- Born: 1955 (age 70–71) Hill Cottage, England

= Martin J. Sullivan =

American businessman

Martin J. Sullivan, OBE, (born 1955 in Essex, England), is the former deputy chairman of Willis Group Holdings plc (NYSE: WSH) and chairman and CEO of its, Willis Global Solutions, which oversees brokerage and risk management advisory services for Willis's multinational and global accounts. He also previously served as president and chief executive officer of American International Group, Inc.

==Work at AIG==
In 1971 Sullivan joined AIU's finance department, the non-life UK company of AIG. In 1974, he joined the property department and held a succession of underwriting and management assignments in the UK and Ireland.

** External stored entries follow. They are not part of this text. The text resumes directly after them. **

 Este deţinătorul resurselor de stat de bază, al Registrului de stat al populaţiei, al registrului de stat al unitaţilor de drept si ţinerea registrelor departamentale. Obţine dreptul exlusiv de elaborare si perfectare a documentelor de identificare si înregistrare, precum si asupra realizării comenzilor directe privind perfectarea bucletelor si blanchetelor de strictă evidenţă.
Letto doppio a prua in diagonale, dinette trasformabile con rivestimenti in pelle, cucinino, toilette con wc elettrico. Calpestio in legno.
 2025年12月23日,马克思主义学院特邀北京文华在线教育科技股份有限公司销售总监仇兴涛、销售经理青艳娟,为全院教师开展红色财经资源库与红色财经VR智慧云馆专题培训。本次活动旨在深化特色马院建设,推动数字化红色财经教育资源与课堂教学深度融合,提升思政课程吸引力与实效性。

In 1983, Sullivan was appointed property manager for the UK and later regional property manager for the UK/Ireland. In 1988 Sullivan became UK/Ireland marketing manager of AIU. Sullivan was appointed assistant managing director of AIG Europe (UK) Ltd. in 1989 and chief operating officer in 1991. In 1993 he was named president of AIU's UK/Ireland Division and managing director of AIG Europe (UK) Ltd. Sullivan became senior vice president, foreign general insurance in 1996, and executive vice president, foreign general in 1998.

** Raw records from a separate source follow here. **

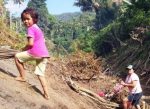 Sejumlah anak-anak dari terlibat langsung membantu orang tuannya dalam pelaksanaan kerja bakti pembersihan kampung, untuk sambut TMMD 105 dibuka, (8/7/2019).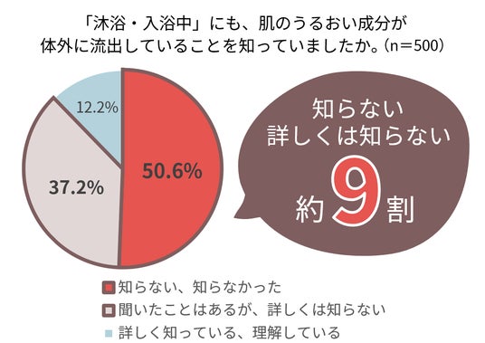 また、入浴中に肌は水分を含み飽和状態になり、角層細胞が広がることで保湿成分「セラミド」などのうるおい成分が体外へ流出している(2)こともあまり知られていません。意識調査では半数以上の方が「知らない、知らなかった」と回答しており、「聞いたことはあるが、詳しくは知らない」も含めると9割近くに上りました。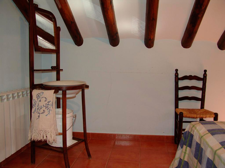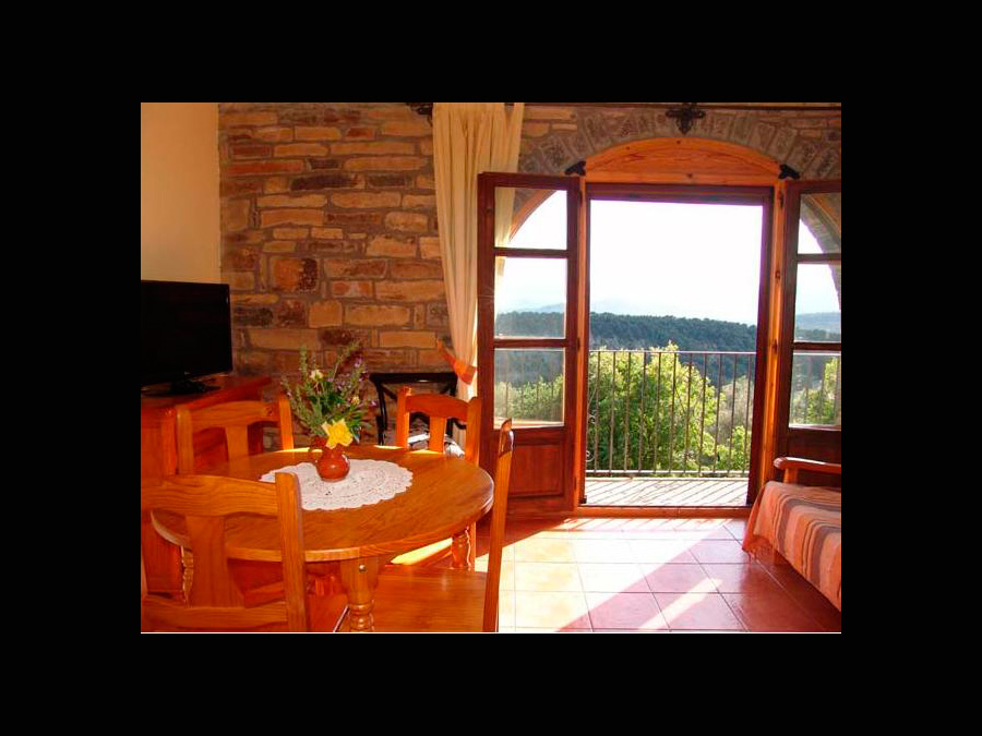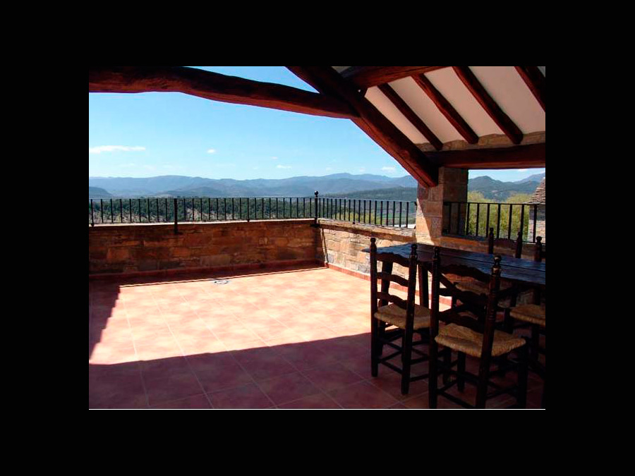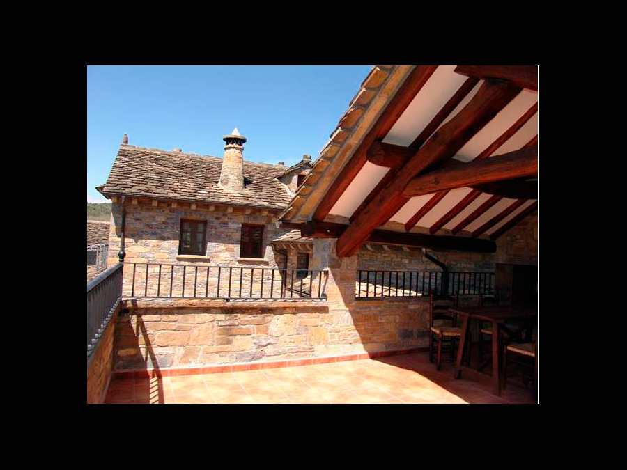 Este apartamento se distingue de los demás por su amplia terraza a la que se accede directamente desde el comedor. Una parte de la misma está cubierta a doble vertiente con un tejado tradicional de vigas de madera y teja de losa. Dispone de mesa con sillas para poder comer fuera incluso si llueve. La terraza tiene una magnífica vista del valle y está bien orientada.

In 1996 he was appointed chief operating officer of AIU in New York City and named president in 1997. He was elected to the board of AIG in May 2002 and was groomed as a potential CEO. Sullivan succeeded Maurice R. Greenberg, who stepped down as AIG's CEO amidst an accounting scandal. His career and accomplishments at AIG prior to his appointment as CEO were viewed positively. Frank Zarb, chairman of the executive committee at the time of Sullivan's CEO appointment, said, "AIG has a very strong and deep management team, and Martin Sullivan is a proven leader who will be an outstanding CEO. Martin has a distinguished record of accomplishment at AIG. He has achieved significant results in several key positions, and he has a deep understanding of AIG's major businesses throughout its domestic and international operations."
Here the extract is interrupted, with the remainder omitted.